Massively Multilingual Shallow Fusion with Large Language Models
This work addresses the challenge of enhancing ASR accuracy across multiple languages, which is incremental as it adapts existing LLM techniques to a specific domain.
The paper tackles the problem of utilizing large language models (LLMs) to improve automatic speech recognition (ASR) by proposing a single multilingual language model for shallow fusion across up to 84 languages, using a mixture-of-experts LLM (GLaM) to scale efficiently. It results in relative WER reductions of up to 10% in multilingual tasks, with an average reduction of 5.53% over 43 languages compared to a baseline.
While large language models (LLM) have made impressive progress in natural language processing, it remains unclear how to utilize them in improving automatic speech recognition (ASR). In this work, we propose to train a single multilingual language model (LM) for shallow fusion in multiple languages.
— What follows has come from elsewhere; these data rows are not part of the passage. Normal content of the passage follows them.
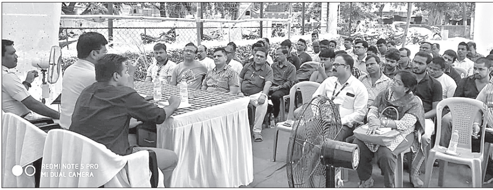
ଥାନା ପରିସରରେ ଆୟୋଜିତ ବୈଠକରେ ପୋଲିସ ଅଧିକାରୀଙ୍କ ସମେତ ବିଭିନ୍ନ ପ୍ରତିଷ୍ଠାନର କର୍ତ୍ତୃପକ୍ଷ, ବ୍ୟାଙ୍କ ଅଧିକାରୀ ଓ ଅନ୍ୟମାନେ।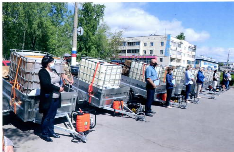
Немерово. Вручение техники ДПК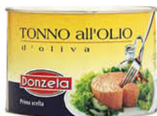
DONZELA TONNO IN OLIO DI OLIVA 1,73 KG

We push the limits of the multilingual LM to cover up to 84 languages by scaling up using a mixture-of-experts LLM, i.e., generalist language model (GLaM). When the number of experts increases, GLaM dynamically selects only two at each decoding step to keep the inference computation roughly constant. We then apply GLaM to a multilingual shallow fusion task based on a state-of-the-art end-to-end model. Compared to a dense LM of similar computation during inference, GLaM reduces the WER of an English long-tail test set by 4.4% relative. In a multilingual shallow fusion task, GLaM improves 41 out of 50 languages with an average relative WER reduction of 3.85%, and a maximum reduction of 10%. Compared to the baseline model, GLaM achieves an average WER reduction of 5.53% over 43 languages.